=== Section Start ===

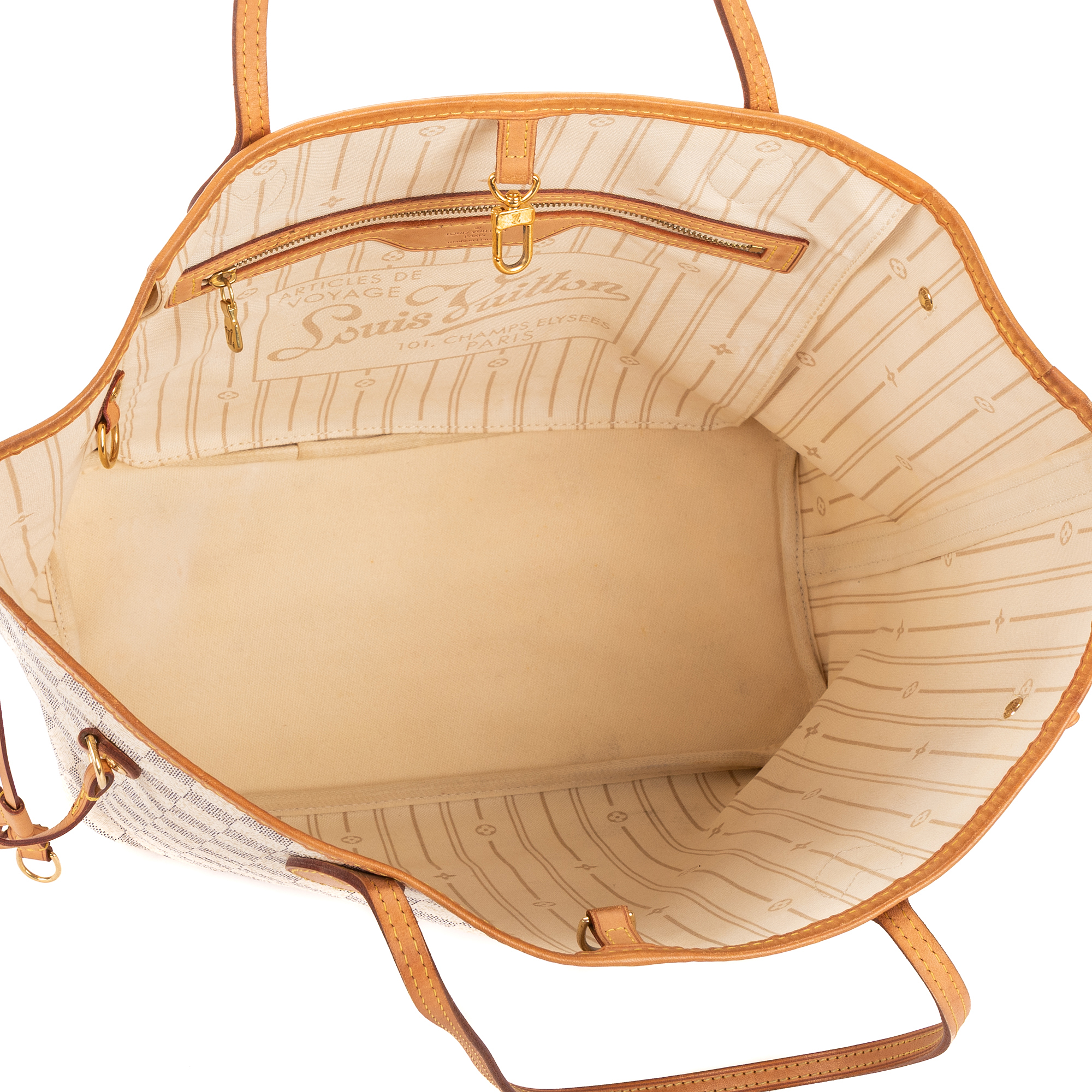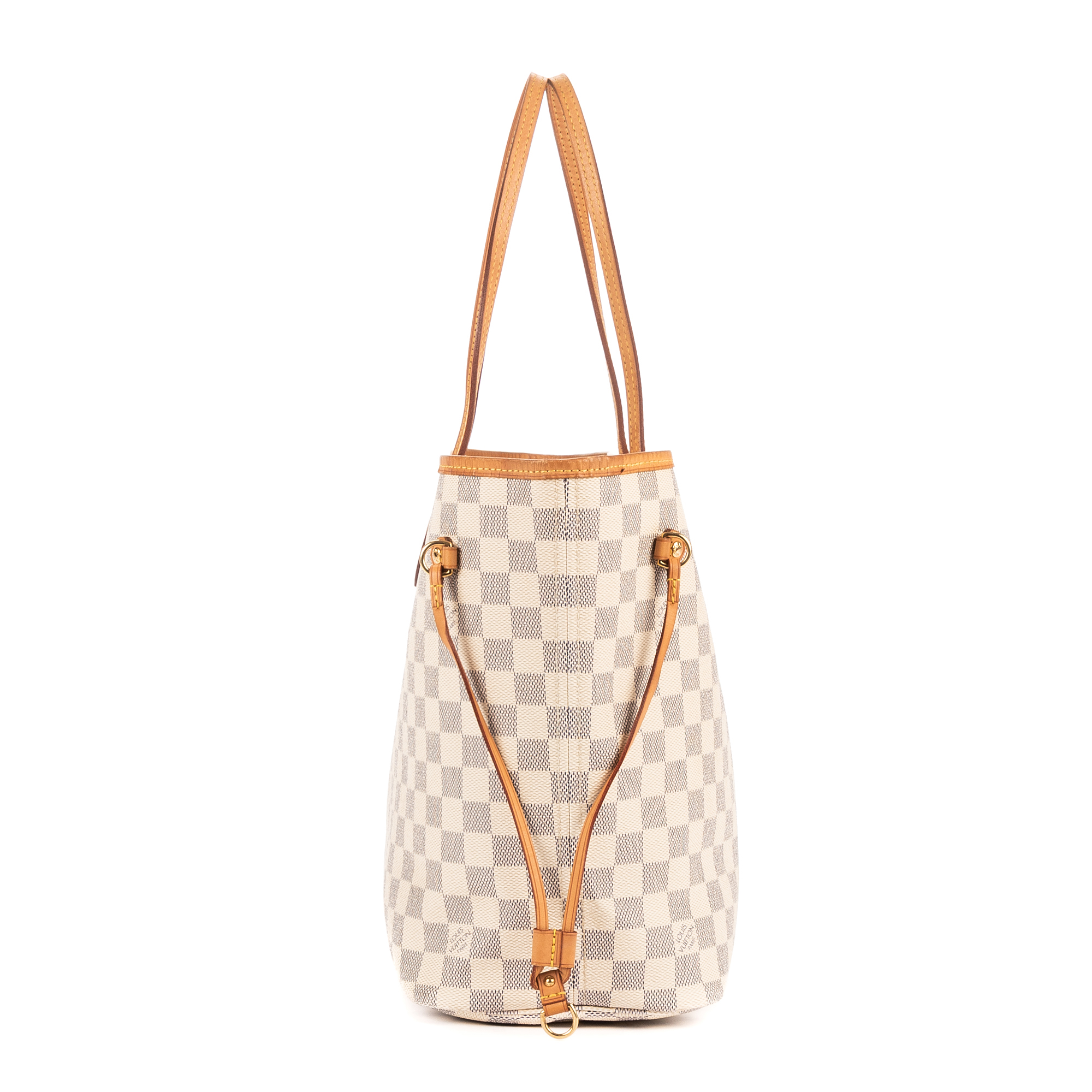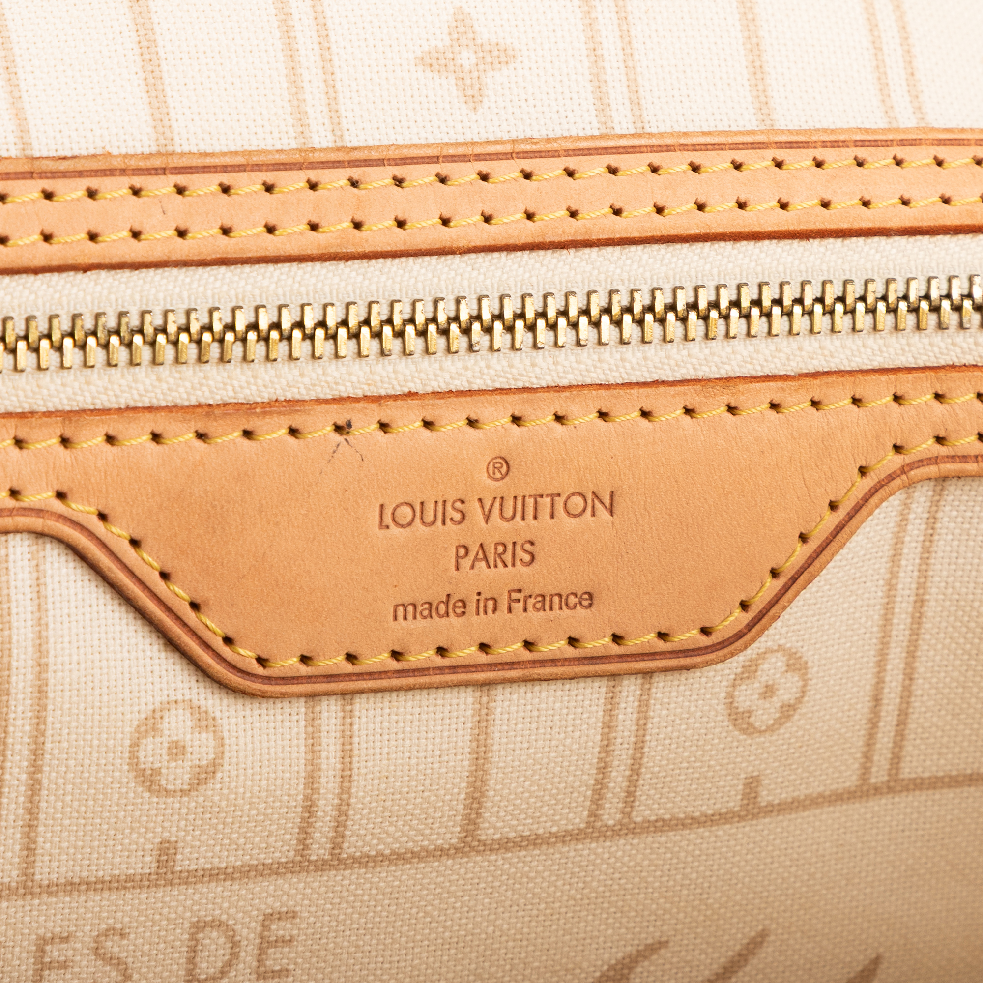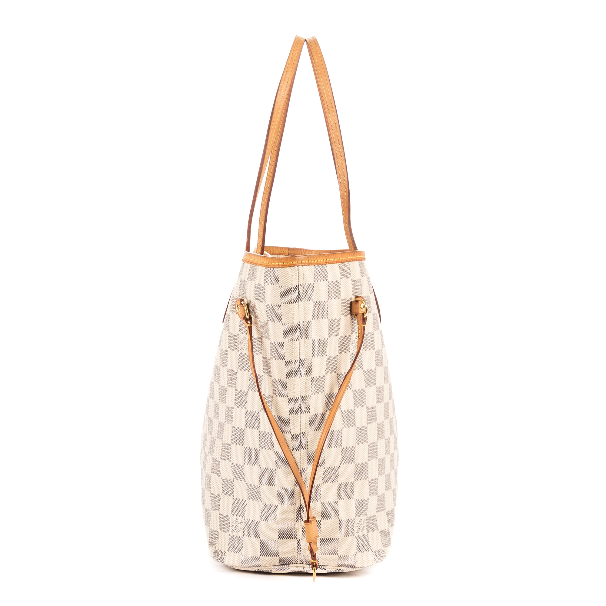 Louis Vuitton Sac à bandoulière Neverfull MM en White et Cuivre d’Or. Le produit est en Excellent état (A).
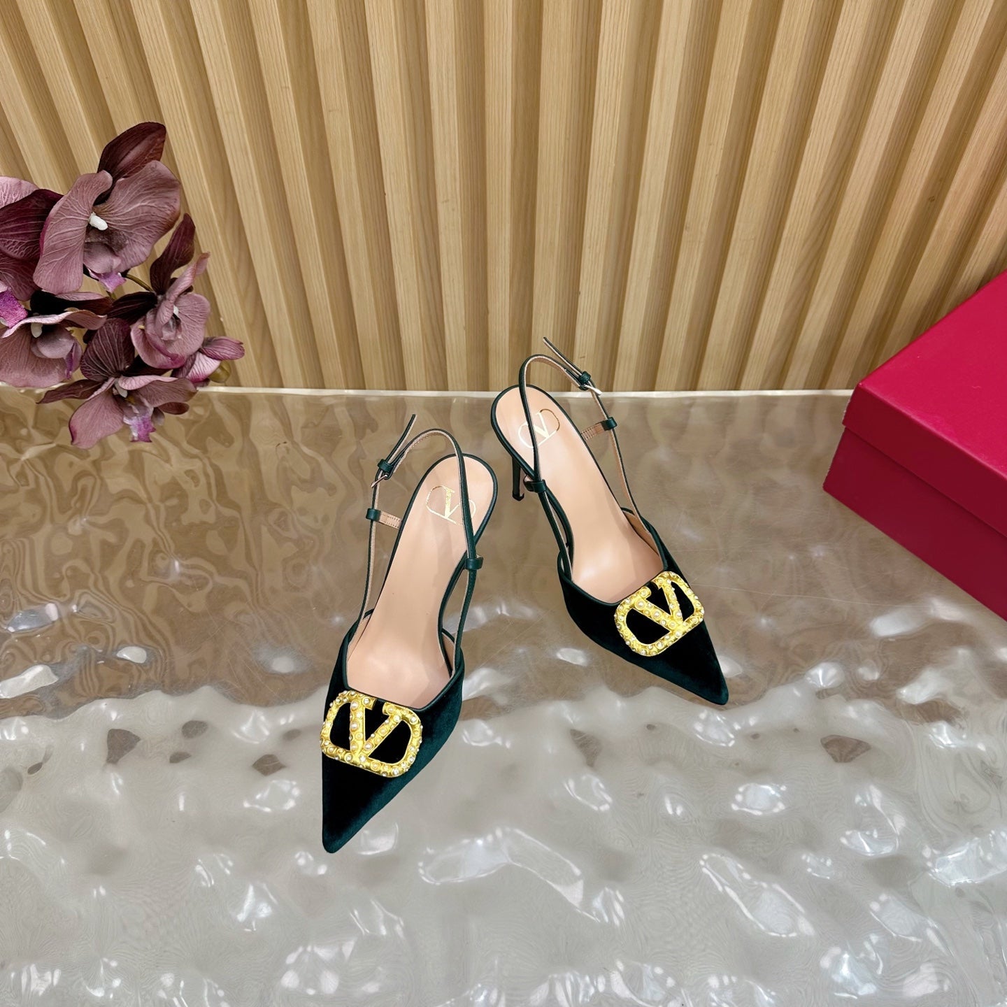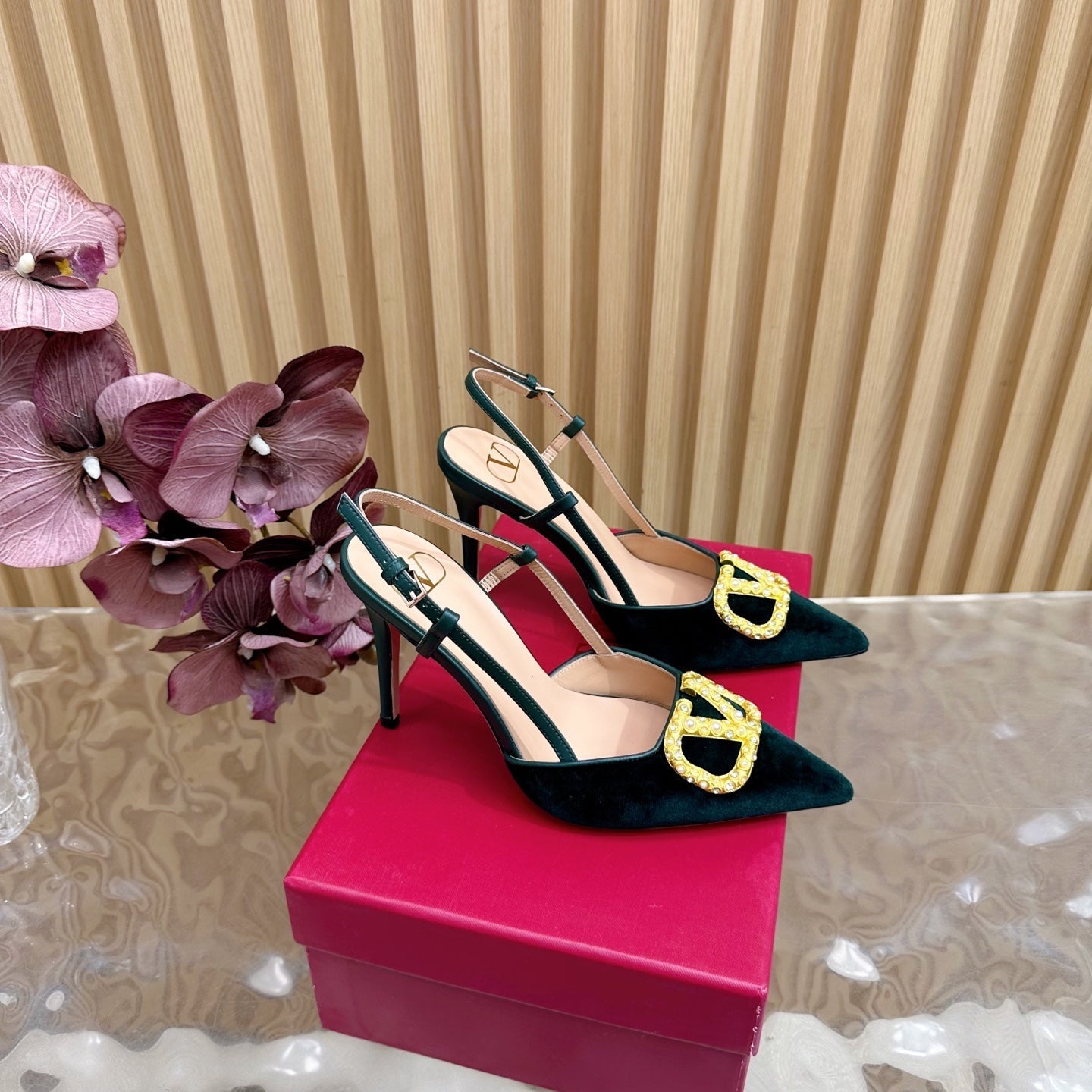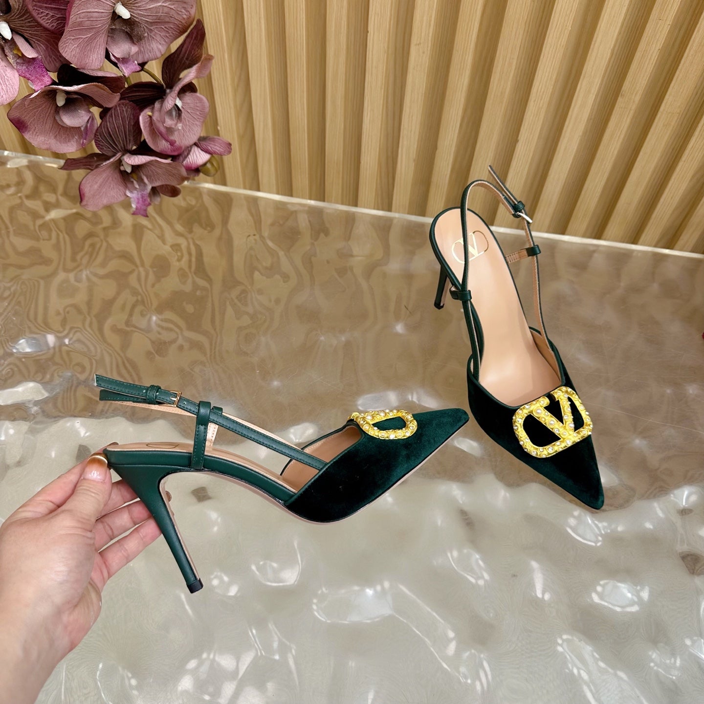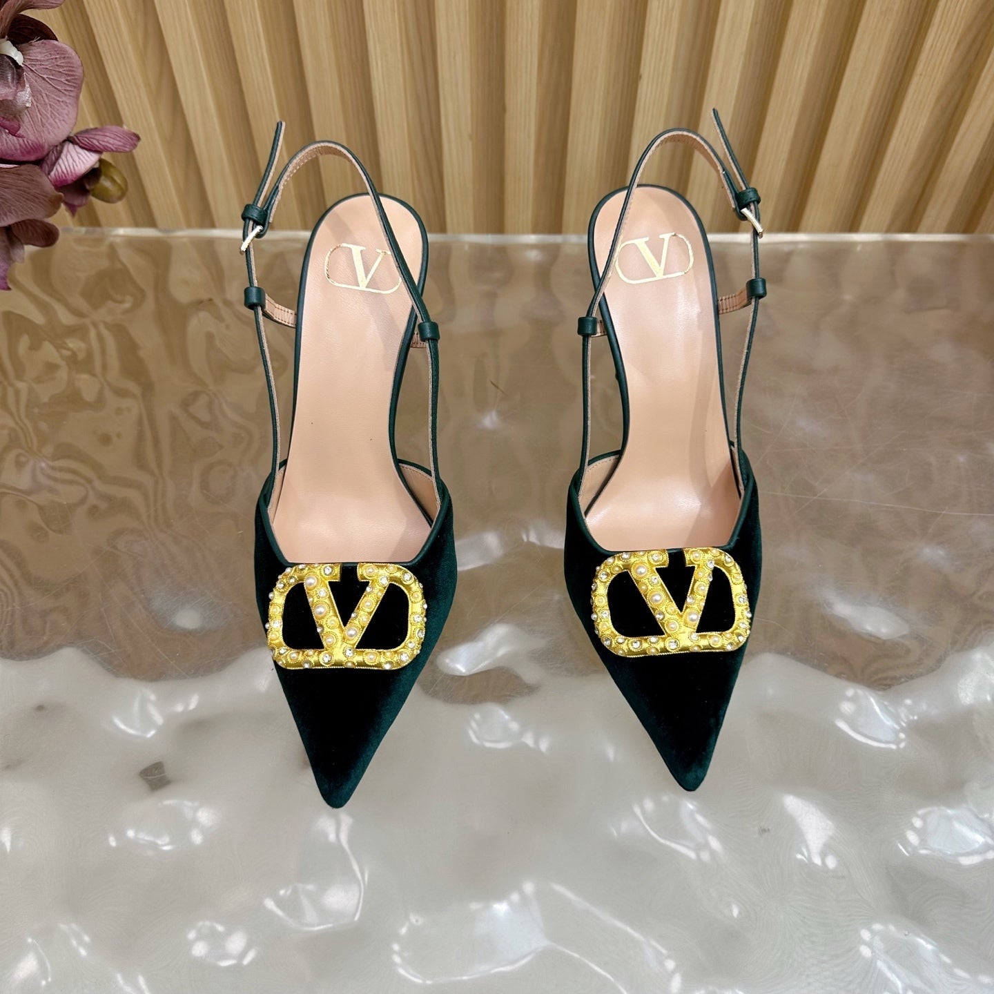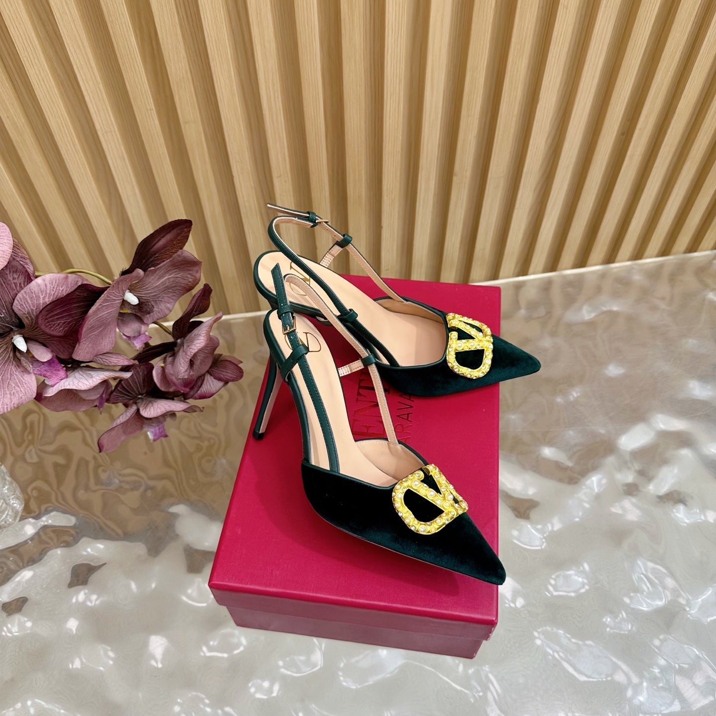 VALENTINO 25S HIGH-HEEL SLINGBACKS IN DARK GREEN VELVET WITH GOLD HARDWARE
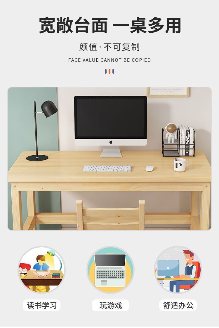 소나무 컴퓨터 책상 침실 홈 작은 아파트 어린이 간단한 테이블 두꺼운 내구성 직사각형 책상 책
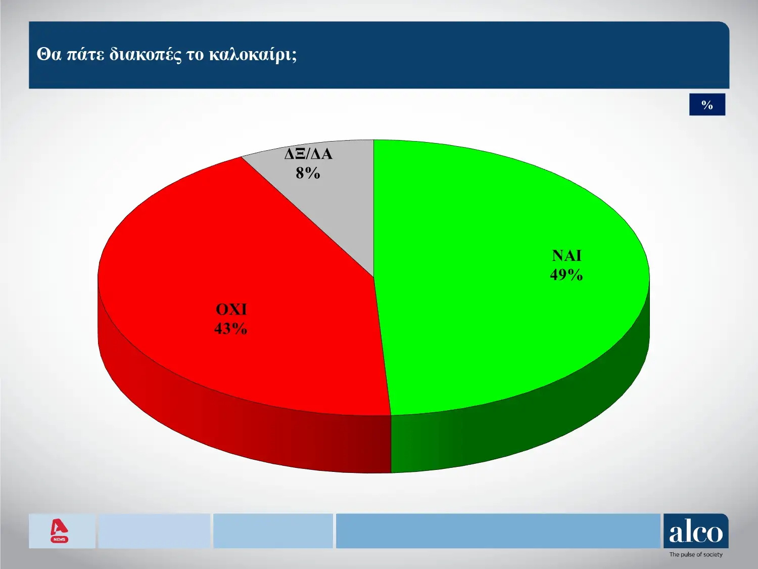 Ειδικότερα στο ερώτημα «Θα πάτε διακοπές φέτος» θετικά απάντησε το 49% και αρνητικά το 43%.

=== Section End ===

Work order:
The whole listing is to be duplicated verbatim, apart from its images.

Solution:
 Louis Vuitton Sac à bandoulière Neverfull MM en White et Cuivre d’Or. Le produit est en Excellent état (A).
 VALENTINO 25S HIGH-HEEL SLINGBACKS IN DARK GREEN VELVET WITH GOLD HARDWARE
 소나무 컴퓨터 책상 침실 홈 작은 아파트 어린이 간단한 테이블 두꺼운 내구성 직사각형 책상 책
 Ειδικότερα στο ερώτημα «Θα πάτε διακοπές φέτος» θετικά απάντησε το 49% και αρνητικά το 43%.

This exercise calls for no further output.